To był właśnie pan De, rodak, którego lekkomyślnie zgodziłem się odprowadzić do portu. Było mi wprawdzie po drodze, bo w tym właśnie porcie stał także i mój okręt, który dziś miał odjechać w daleką podróż. Przez całą tą chwiejną drogę towarzysz mój mówił o jakichś „świętych drzewach, łechcących niebiosa”, o tym, że „istnieje jakiś specjalny wicher słoneczny”. Przystawał co chwila i dłonią zdawał się obmacywać niewidzialne kształty i dopiero w jego okrzyku: „Patrz pan, to on!” – odsłonił się traf naszej przynależności na dni następne. Bo i ja także mam jechać na „Oriencie”. Kiedy mu to powiedziałem, nie zdziwił się, tylko mruknął coś w rodzaju: zapisano to w przeznaczeniu… Wspinając się na okręt po wąskich schodkach, musiałem wziąć na siebie niejako część jego rozluźnionych ruchów. Wtaszczyliśmy się jakoś na pokład, towarzysz zaraz mi się gdzieś wymknął, a ja poszedłem do kapitana. Znałem go już z poprzedniej rozmowy. Ten kapitan towarowego okrętu fińskiego był to rzeczywiście ogorzały, czerstwy marynarz o niebieskich oczach. Sam był też Finem i nosił jakieś trudne nazwisko. Popijał – rzeczywiście – whisky w towarzystwie kilku cywilów i zaraz polecił mnie rosłemu stewardowi, który zaprowadził mnie do kabiny z dwoma łóżkami, gdzie się już mieściły moje uprzednio przywiezione rzeczy. Steward zaraz odszedł przywołany przez kapitana dźwięcznym słowem: „stiuard-tii!” Nie chciało mi się siedzieć w mrocznej kabinie, więc zamierzałem właśnie wyjść na pokład, kiedy akurat wtoczył się pan De.
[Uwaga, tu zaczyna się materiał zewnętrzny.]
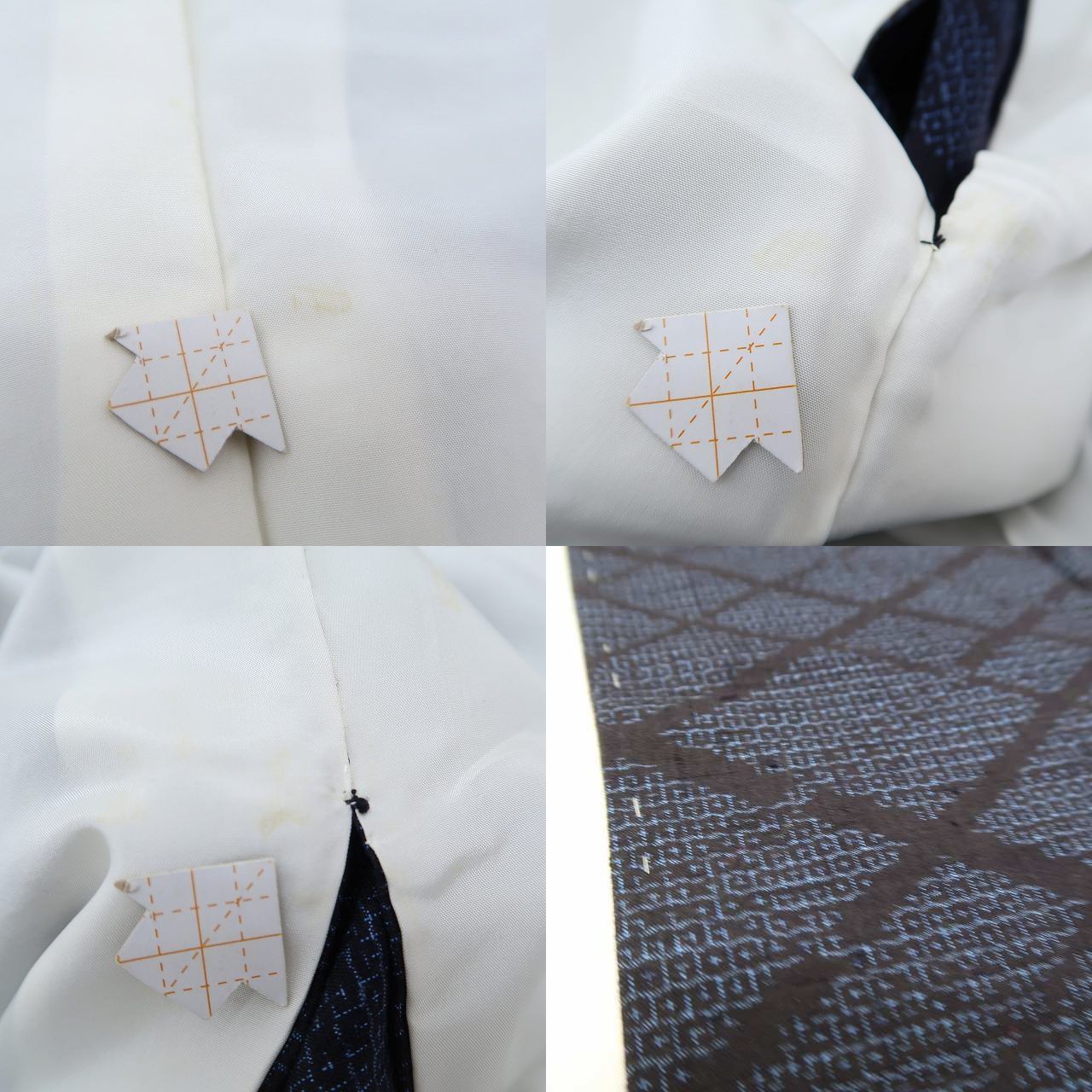 本場結城紬 結城玉紬 結織苑 証紙付 100亀甲 紺鉄色 しつけ糸 K-5438

– Niech pan idzie… bez skrępowania… i tak się nabędziemy razem!
Wyszedłem na pokład i począłem się rozglądać. Deszcze często towarzyszą moim odjazdom. I teraz ludzie, woda, okręty i ospała krzątanina na nich zniechlujone są ociekającym niebem. Wszystko takie jednakie; smutna, brudna blacha dnia roboczego. Woda siecze o wodę – na wodzie nieco kolorowego śmiecia: skórki pomarańczowe, rozdarte puszki, bzdurna deszczułka z kilkoma wystającymi gwoździami i pospolitym fragmentom napisu: „made in…” – trochę zielska, cebula, nie cebula! – monotonne poruszanie się tego paskudztwa na mizernej fali. Oparty o burtę, słucham przeraźliwych gwizdów krępych, przysadzistych holowników. Pewien zasmolony flejtuch parowy rozdarł się bezczelnie i zuchwale, z poufałymi pogwizdami na dodatek. Po kamiennym brzegu włóczą się opasani powrósłami tragarze, na okręcie odbywa się ładowanie towarów, słychać głuche dudnienie, zgrzyt dźwigarów i nawoływania. W ciętym kroplami deszczu powietrzu twarze robotników mażą się, widać tylko bryły ciał opięte ceratą lub zwykłym łachmanem. Jedni ładują skrzynie lub wory, inni kręcą się, zaglądają tu i ówdzie – jałowy widok! Wracam do kabiny, omijam głęboką jamę na pokładzie z brzuchatymi worami na dnie, wchodząc do korytarzyka, spotykam czerwonego na twarzy kapitana z miną jakby coś spsocił. Ano spsocił pewnie flachę whisky! Zbył nasze mijanie się kilkoma słowami na temat deszczu i począł wspinać się po wąskich schodkach na górę, na ten tam swój mostek kapitański. Pana De zastaję w kabinie. Pije koniak i je pomarańcz. Zgadza się ze mną co do słoty, częstuje koniakiem i pyta, które łóżko chcę zająć: górne czy dolne? Z godzinę ustępujemy sobie dolne łóżko. Pustą butelkę po koniaku pyrgnął przez iluminator, ja wydobyłem z walizki czerwone wino, on – parę jabłek, w końcu wyciągam po prostu dłuższą zapałkę, i dolne łóżko jest moje. Rozbieram się i zajmuję je. Jeszcze tylko wyskakuję na chwilę, aby podeprzeć towarzysza przy wspinaniu się na górne łóżko. Butelkę po winie pyrg! przez iluminator – i zasypiamy.
Opinie
Na razie nie ma opinii o produkcie.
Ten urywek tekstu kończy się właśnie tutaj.